Quick theory about A/B testing and a test setup to improve the Amazon purchasing experience for Alexa-compatible products.

A PM has a new great idea

Assume you are a PM at Amazon, specifically in the Smart Devices department. And, of course, you want to make even more sales for the company. You have a great novel idea: instead of just showing smart products in search results, you will also add the “Works with Alexa” tag (see the picture below).

Sounds reasonable, right? Why not just add this new statement to the website and move on?

Should we just apply the change for all users?

Yes!
Not so fast!

The problem with “just doing it” is that it might happen that you drop, not improve your sales. One of the potential reasons would be that you added even more text to the already crowded page. It might sound small, but every pixel counts when you have millions of views per day browsing through hundreds of products.

So what do we do? We apply science. IT giants are giants because they make decisions using a scientific approach, which moves them in the right direction.

First, I need to explain a theory quickly, so if you know it, skip the next section and jump directly to the exercise.

Basics of A/B testing: complex theory in a fun way

No worries, it is easier than you think.

Imagine you enter the bus and there are many very tall people. You ignored the bus plate (because you were staring at your smartphone, he-he). There are two options:

It was a regular city bus, and it just happened that some people were tall
Or a special one for basketball players and their crew (you know this week is a World Basketball Championship in your town).

Question: without talking to other people, can you figure out whether you are in a “normal” or “basketball” bus? Let’s use science!

First, we know the height distribution of all citizens in our country (we can Google it on our smartphone). Then we see the height of all the people on the bus (let’s assume we can measure them more or less using just our eyes).

And now — magic! The science of statistics allows us to compare distributions of heights and decide whether or not we observe something special (a basketball player bus) or just a city bus with a few tall people in it). Long story short, we will put all we know (height distribution we googled and people’s heights in the bus) into the boring formula and state something like: “With a probability of p=X, this distribution is not different from the normal one.”

This is a compelling statement!
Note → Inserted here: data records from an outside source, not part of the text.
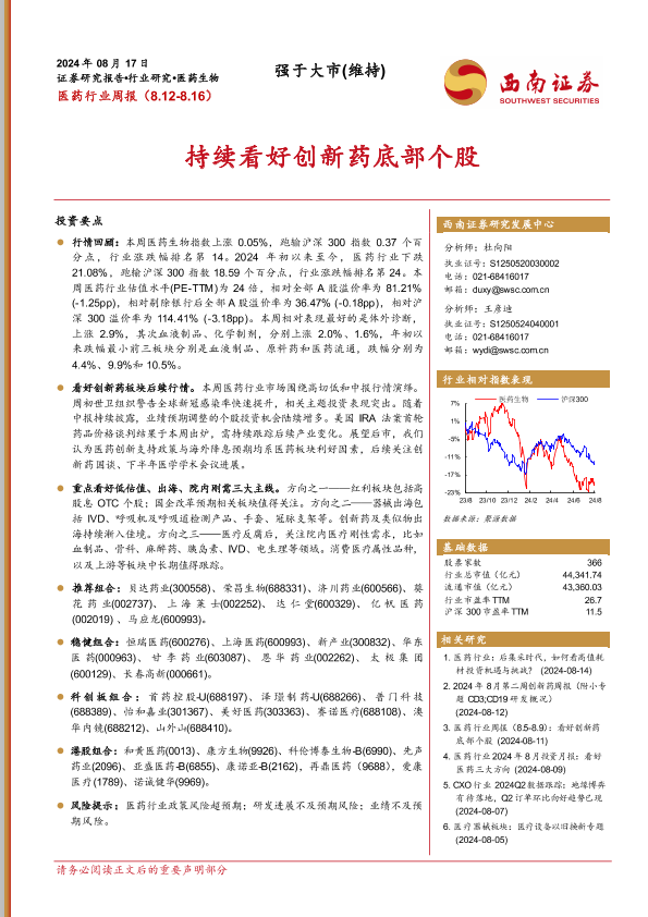 【西南证券】【20240817】医药行业周报:持续看好创新药底部个股-35页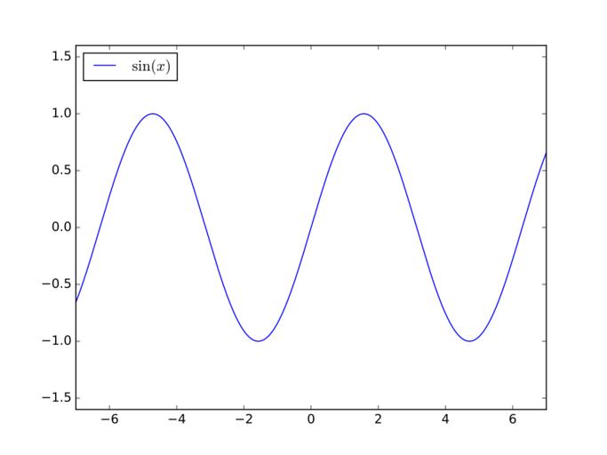 Keywords: Small-angle approximation for sine function (only sine function).svg en Diagram showing the sine function basis for File Small-angle approximation for sine function svg 2016-08-11 own http //kulla me Stephan Kulla User Stephan Kulla other versions <gallery> File Small-angle approximation for sine function svg Diagram with the small-angle approximation </gallery> other fields Matplotlib + import matplotlib pyplot as plt import numpy as np from mpl_toolkits axes_grid1 inset_locator import zoomed_inset_axes mark_inset xs np linspace -7 7 10001 sin_ys np sin xs plt plot xs sin_ys label \\sin x plt xlim -7 7 plt ylim -1 6 1 6 plt legend loc 2 plt savefig Small-angle approximation for sine function only sine function svg cc-zero Sine function |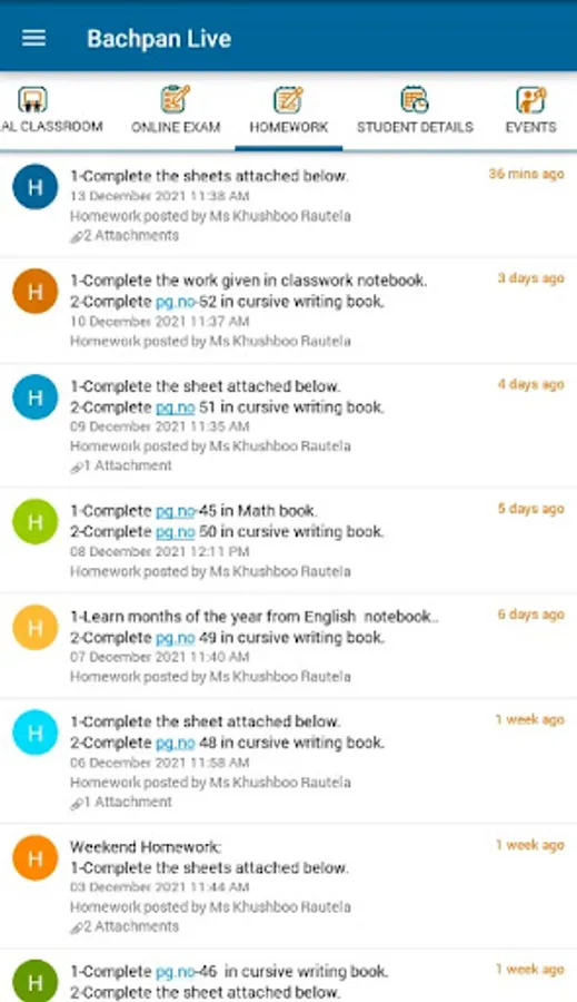 The teachers can have a record of the homework given and can take attendance through the application as well. They can update the exam marks on the app too.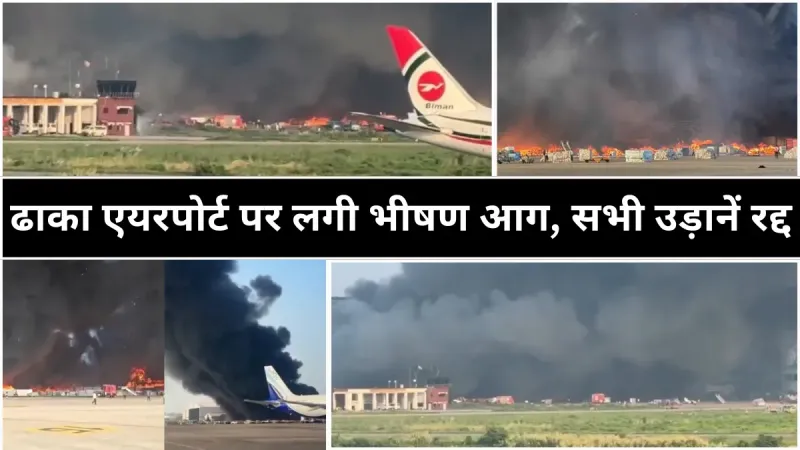 हजरत शाहजलाल एयरपोर्ट के नए टर्मिनल में लगी भीषण आग। · धुएं से परिसर भरा, सभी उड़ानें तुरंत रद्द की गईं। · यात्रियों में दहशत और भगदड़, सुरक्षाकर्मियों ने सुरक्षित निकाला।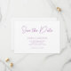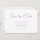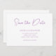 Boda minimalista guardar el texto de fecha en una caligrafía de escritura elegante y moderna de estilo manuscrito. Los nombres de la pareja y otra información sobre eventos bodas presentan un tipo de letra moderno que se utiliza tanto con las mayúsculas como con las minúsculas. Cambie el fondo blanco sólido o el color de fuente lavanda para que coincida con la paleta de color boda.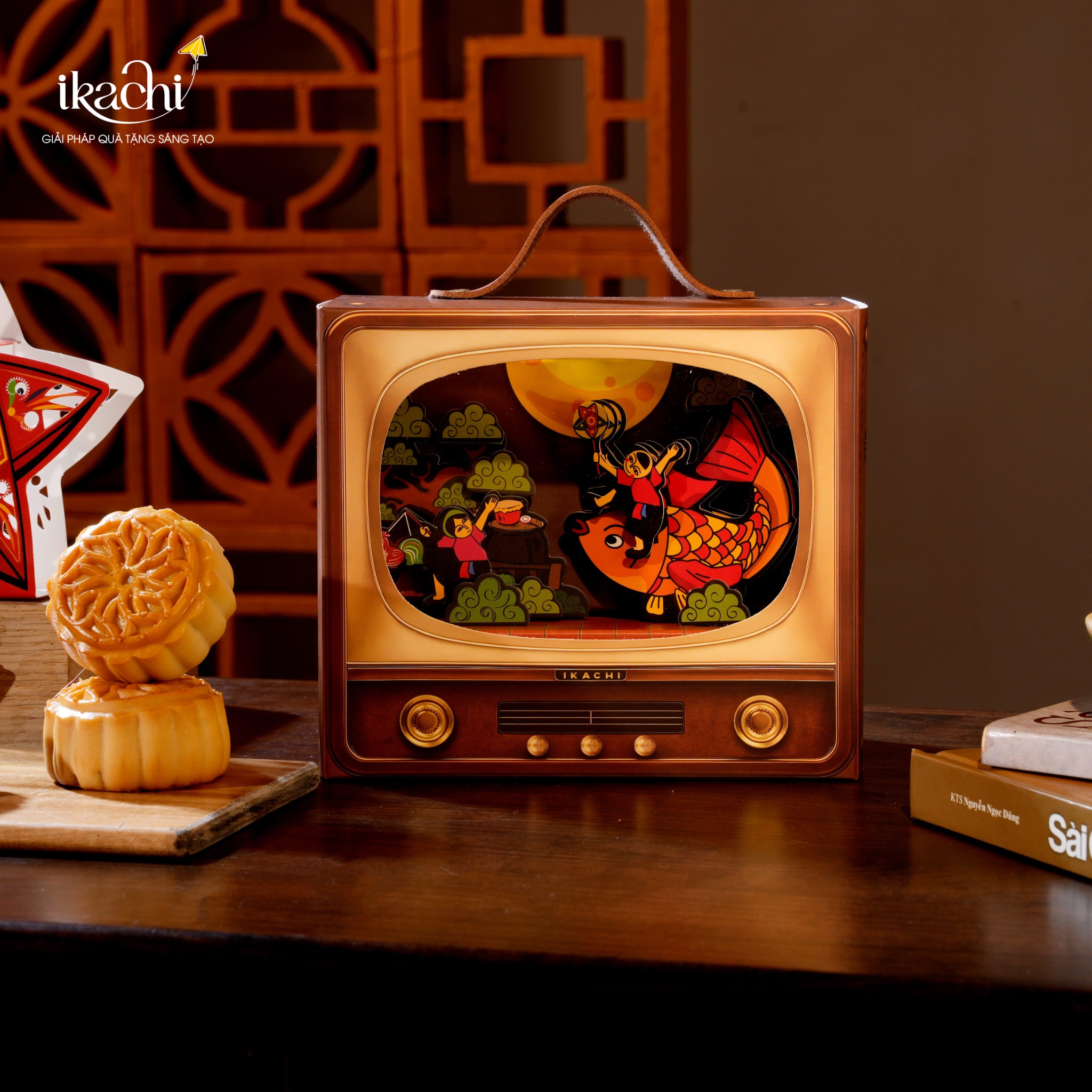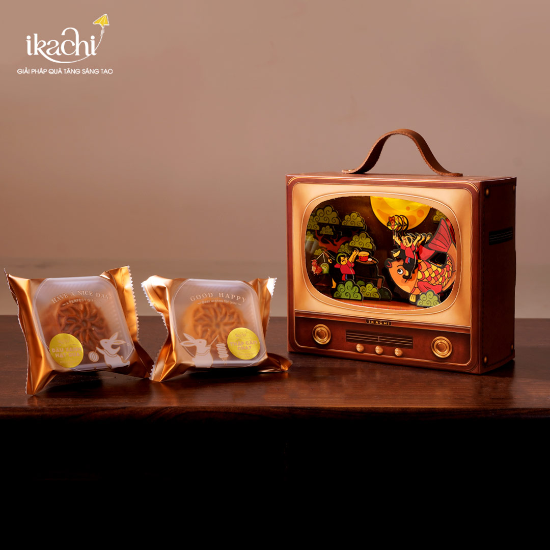 Hộp quà "Truyền Hình Tí Hon – Rước Đèn" là bức tranh thu nhỏ sống động về đêm Trung thu truyền thống – nơi những kỷ niệm tuổi thơ được tái hiện qua khung hình chiếc tivi xưa. Dưới ánh trăng tròn vằng vặc, trẻ em nô nức rước đèn đủ màu sắc rực rỡ, cưỡi cá hóa rồng, tiếng cười giòn tan vang vọng khắp phố phường.

For example, it can be that p=2%, meaning that there is only a 2% chance that the people you see are from a “normal” bus; that is — only a 2% chance that the presence of tall ones amongst them is pure coincidence. So we do accept our hypothesis — they are a basketball team indeed!
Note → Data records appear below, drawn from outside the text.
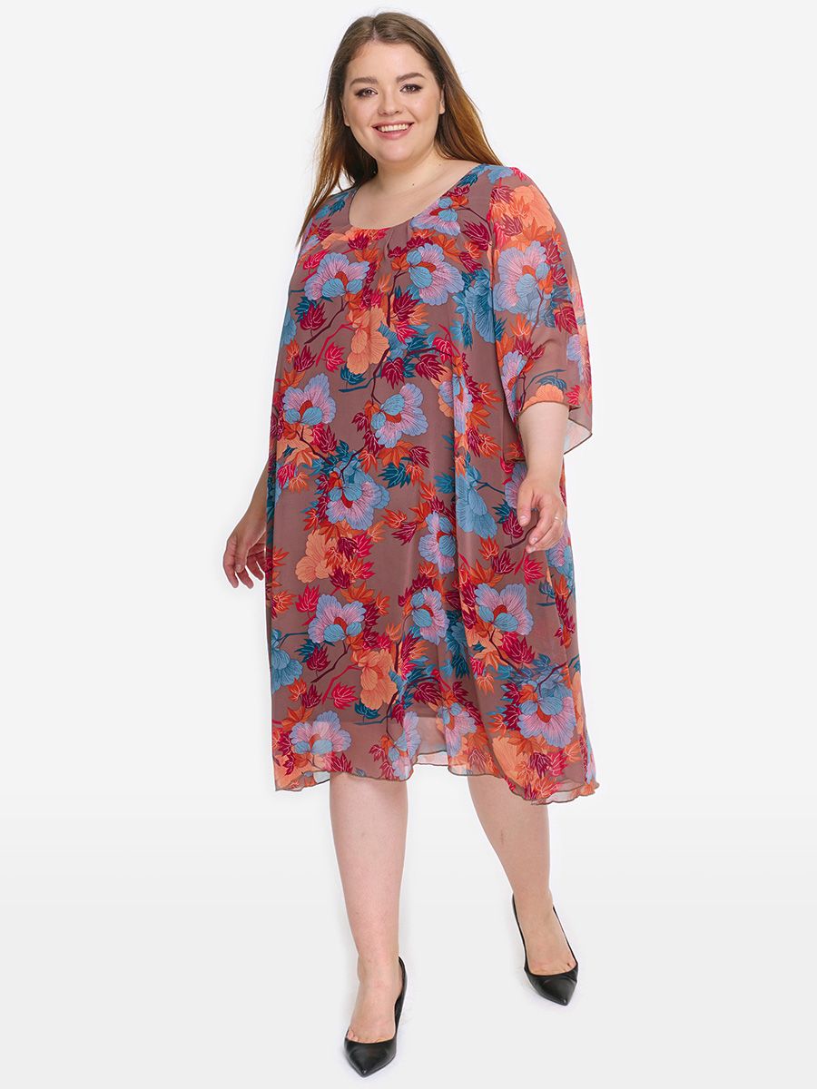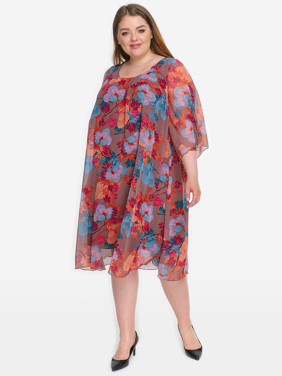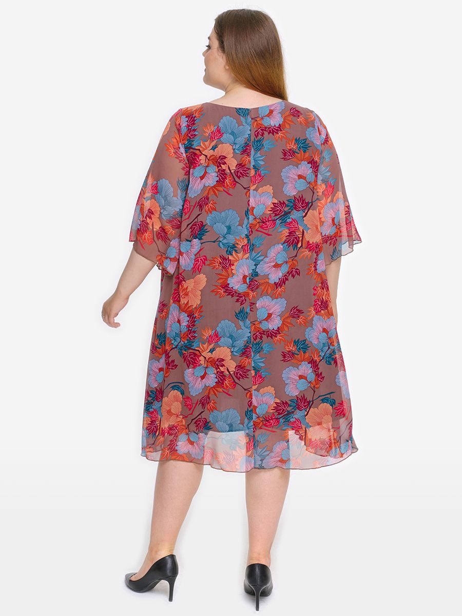 Платье с защипами по горловине, шифон кофейный, принт яркий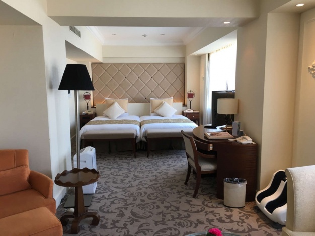 お食事の後は、客室の見学をさせていただきました。最後に最上階のロイヤルスィートを拝見させていただき、その広さと豪華さに一同感嘆のため息を漏らしておりました。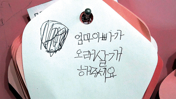또 한 사람은 심청각 안에서 만난 아이였다. 그곳에는 연꽃잎 모양 색지에 소원을 써서 붙여 놓은 코너가 있다. 사업번창하게 해주세요, 건강하게 해주세요, 취직하게 해주세요, 로또 일등 맞게 해주세요 등…. 수많은 사연 중에 반짝! 내 눈에 들어온 건 아이의 삐뚤삐뚤한 글씨였다. 그 글씨는 글씨 자체로 감동이었다. “엄마 아빠가 오래 살게 해주세요!” 온 마음을 다해 쓴 글은 그 어떤 사랑보다 아름답고 숭고했다. 왕관을 준다 해도 아이들은 부모와 바꾸지 않는다. 사람이 사람을 선택한다는 것, 그것이 아이가 어른보다 위대한 이유가 아닐까.
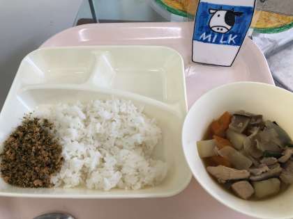 鶏肉とじゃかいもの煮もの 紅ざけそぼろ ごはん 牛乳

Note that there is a 2% chance that we can be wrong —and we can not do anything about it. Practically, it means that if we enter different buses 50 times on this day, there will be a high chance that at some point, our math will tell us, “This is the basketball team,” but this is not. That’s life; we need to deal with it.

Let’s now imagine the formula said p=66%.

What does it mean?

66% chance that it is a "normal" bus
66% chance that it is a "basketball" bus

It means that it is quite likely (66%!) that the distribution we see is normal, so we have to reject our hypothesis about the basketball team. Nope, this is just a bus, and it happens to have tall people! For example, here in the Netherlands, this is quite a common situation :)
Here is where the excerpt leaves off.